Exercise goal: Give back each line of the data exactly as it reads, minus the pictures.

Raw data:
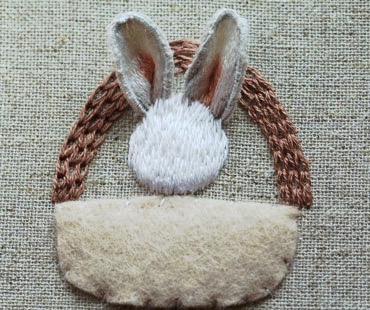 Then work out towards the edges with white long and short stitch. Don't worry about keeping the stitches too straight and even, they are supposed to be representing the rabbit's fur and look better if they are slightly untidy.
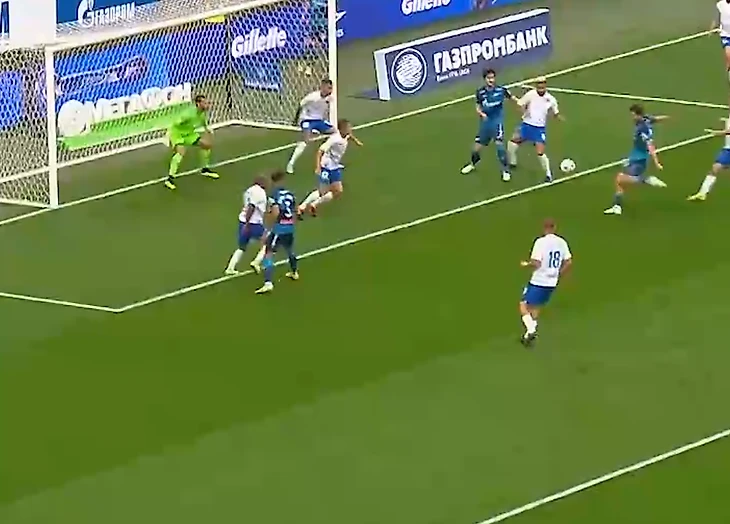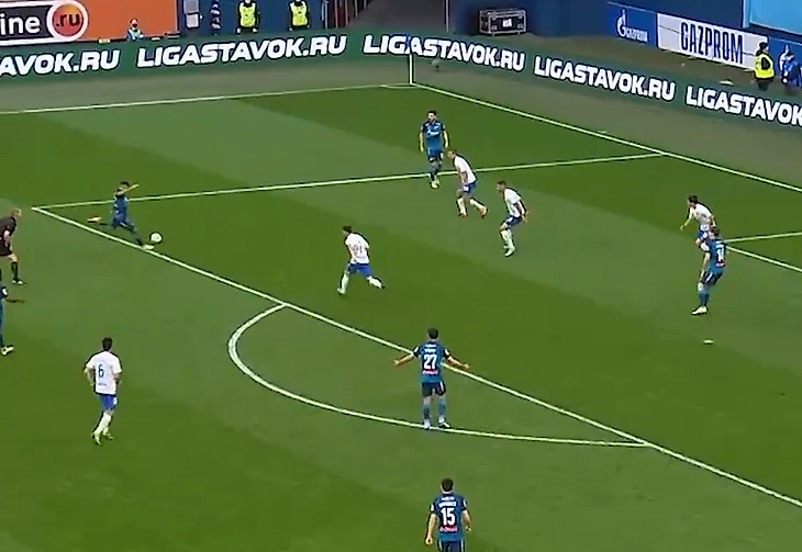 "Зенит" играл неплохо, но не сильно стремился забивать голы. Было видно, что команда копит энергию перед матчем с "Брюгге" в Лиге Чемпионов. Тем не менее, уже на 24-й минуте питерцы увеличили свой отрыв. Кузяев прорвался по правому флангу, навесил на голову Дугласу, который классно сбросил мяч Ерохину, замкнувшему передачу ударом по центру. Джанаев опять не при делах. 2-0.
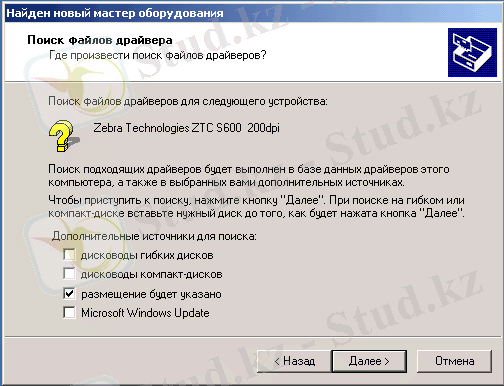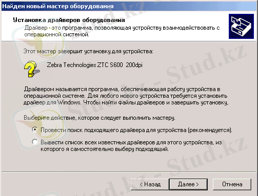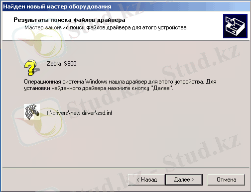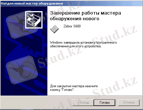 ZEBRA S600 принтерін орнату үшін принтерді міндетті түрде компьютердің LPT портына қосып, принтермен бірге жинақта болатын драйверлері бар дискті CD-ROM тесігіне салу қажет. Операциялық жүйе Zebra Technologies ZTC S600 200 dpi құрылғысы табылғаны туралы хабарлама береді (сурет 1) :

Response to this exercise:
 Then work out towards the edges with white long and short stitch. Don't worry about keeping the stitches too straight and even, they are supposed to be representing the rabbit's fur and look better if they are slightly untidy.
 "Зенит" играл неплохо, но не сильно стремился забивать голы. Было видно, что команда копит энергию перед матчем с "Брюгге" в Лиге Чемпионов. Тем не менее, уже на 24-й минуте питерцы увеличили свой отрыв. Кузяев прорвался по правому флангу, навесил на голову Дугласу, который классно сбросил мяч Ерохину, замкнувшему передачу ударом по центру. Джанаев опять не при делах. 2-0.
 ZEBRA S600 принтерін орнату үшін принтерді міндетті түрде компьютердің LPT портына қосып, принтермен бірге жинақта болатын драйверлері бар дискті CD-ROM тесігіне салу қажет. Операциялық жүйе Zebra Technologies ZTC S600 200 dpi құрылғысы табылғаны туралы хабарлама береді (сурет 1) :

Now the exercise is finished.